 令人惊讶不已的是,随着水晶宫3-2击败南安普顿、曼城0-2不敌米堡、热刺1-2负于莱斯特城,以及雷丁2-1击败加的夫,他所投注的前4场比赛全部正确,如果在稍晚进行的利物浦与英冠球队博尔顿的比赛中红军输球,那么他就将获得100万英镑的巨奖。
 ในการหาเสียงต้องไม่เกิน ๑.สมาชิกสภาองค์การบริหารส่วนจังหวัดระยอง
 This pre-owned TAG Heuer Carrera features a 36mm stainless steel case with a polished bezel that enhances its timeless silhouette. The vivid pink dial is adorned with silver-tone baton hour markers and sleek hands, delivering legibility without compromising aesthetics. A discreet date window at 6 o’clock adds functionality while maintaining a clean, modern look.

--

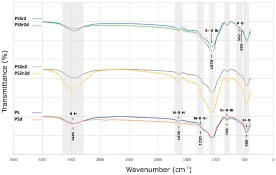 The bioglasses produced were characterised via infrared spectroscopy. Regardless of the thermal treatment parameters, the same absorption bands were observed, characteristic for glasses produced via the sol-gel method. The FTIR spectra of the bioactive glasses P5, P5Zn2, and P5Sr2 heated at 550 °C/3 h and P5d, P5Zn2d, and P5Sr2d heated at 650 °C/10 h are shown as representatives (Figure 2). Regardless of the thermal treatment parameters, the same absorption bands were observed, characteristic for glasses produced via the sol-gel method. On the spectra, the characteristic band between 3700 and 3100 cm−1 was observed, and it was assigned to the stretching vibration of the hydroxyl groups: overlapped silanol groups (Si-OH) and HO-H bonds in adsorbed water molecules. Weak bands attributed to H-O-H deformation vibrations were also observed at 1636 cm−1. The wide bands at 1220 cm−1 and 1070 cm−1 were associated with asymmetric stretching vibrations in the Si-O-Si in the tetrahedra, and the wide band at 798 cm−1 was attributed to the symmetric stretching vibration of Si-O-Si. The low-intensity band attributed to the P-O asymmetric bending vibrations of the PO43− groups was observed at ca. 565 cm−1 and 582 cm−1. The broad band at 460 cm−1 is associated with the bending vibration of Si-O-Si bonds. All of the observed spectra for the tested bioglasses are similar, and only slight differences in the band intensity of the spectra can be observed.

--

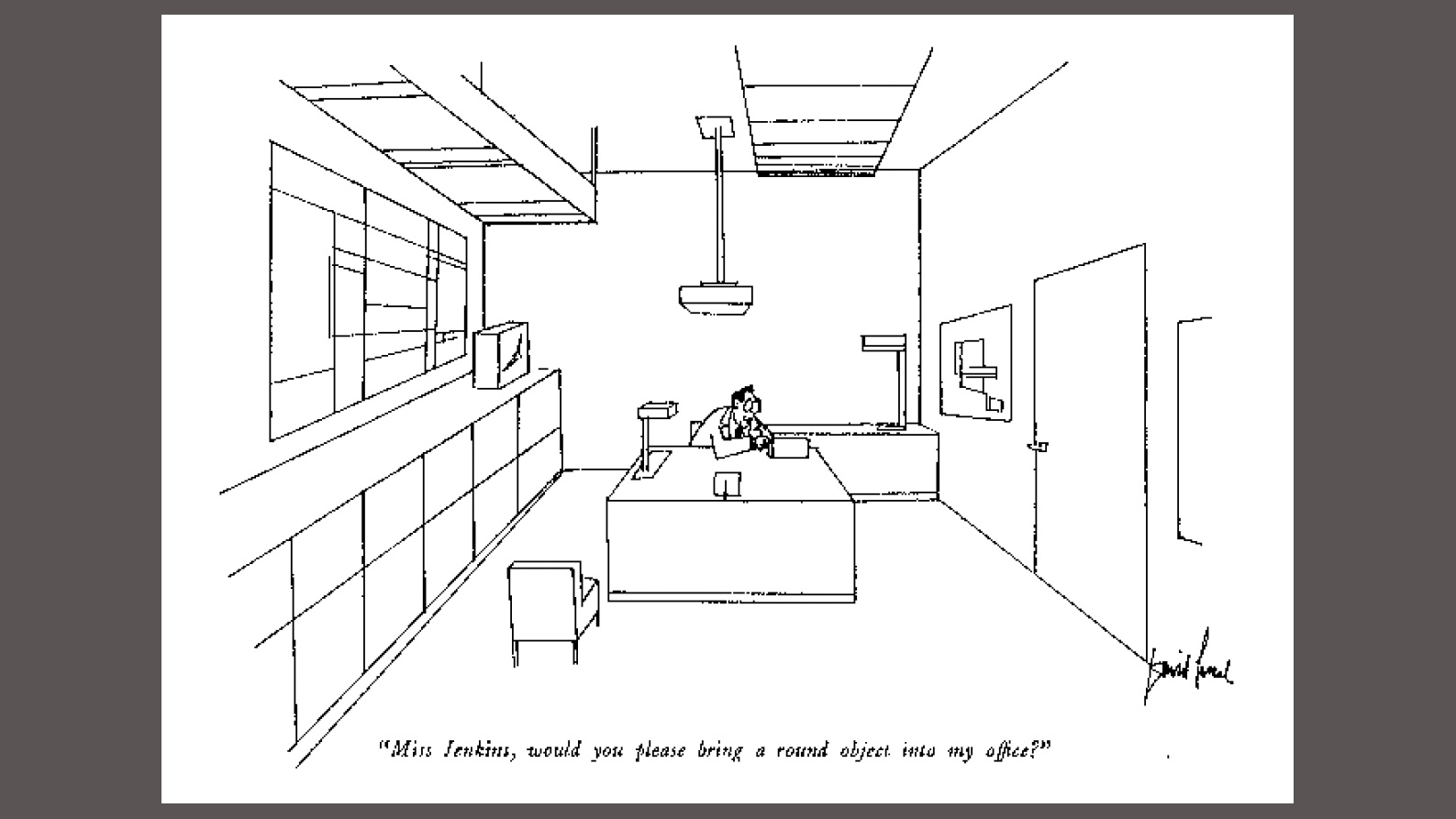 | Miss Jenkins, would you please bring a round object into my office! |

--

> _Problem to solve_
In your answer, include only the lines above starting at the line that holds "令人惊讶不已的是,随着水晶宫" and ending at the line that holds "This pre-owned TAG", copied exactly.

> _Task solution_
 令人惊讶不已的是,随着水晶宫3-2击败南安普顿、曼城0-2不敌米堡、热刺1-2负于莱斯特城,以及雷丁2-1击败加的夫,他所投注的前4场比赛全部正确,如果在稍晚进行的利物浦与英冠球队博尔顿的比赛中红军输球,那么他就将获得100万英镑的巨奖。
 ในการหาเสียงต้องไม่เกิน ๑.สมาชิกสภาองค์การบริหารส่วนจังหวัดระยอง
 This pre-owned TAG Heuer Carrera features a 36mm stainless steel case with a polished bezel that enhances its timeless silhouette. The vivid pink dial is adorned with silver-tone baton hour markers and sleek hands, delivering legibility without compromising aesthetics. A discreet date window at 6 o’clock adds functionality while maintaining a clean, modern look.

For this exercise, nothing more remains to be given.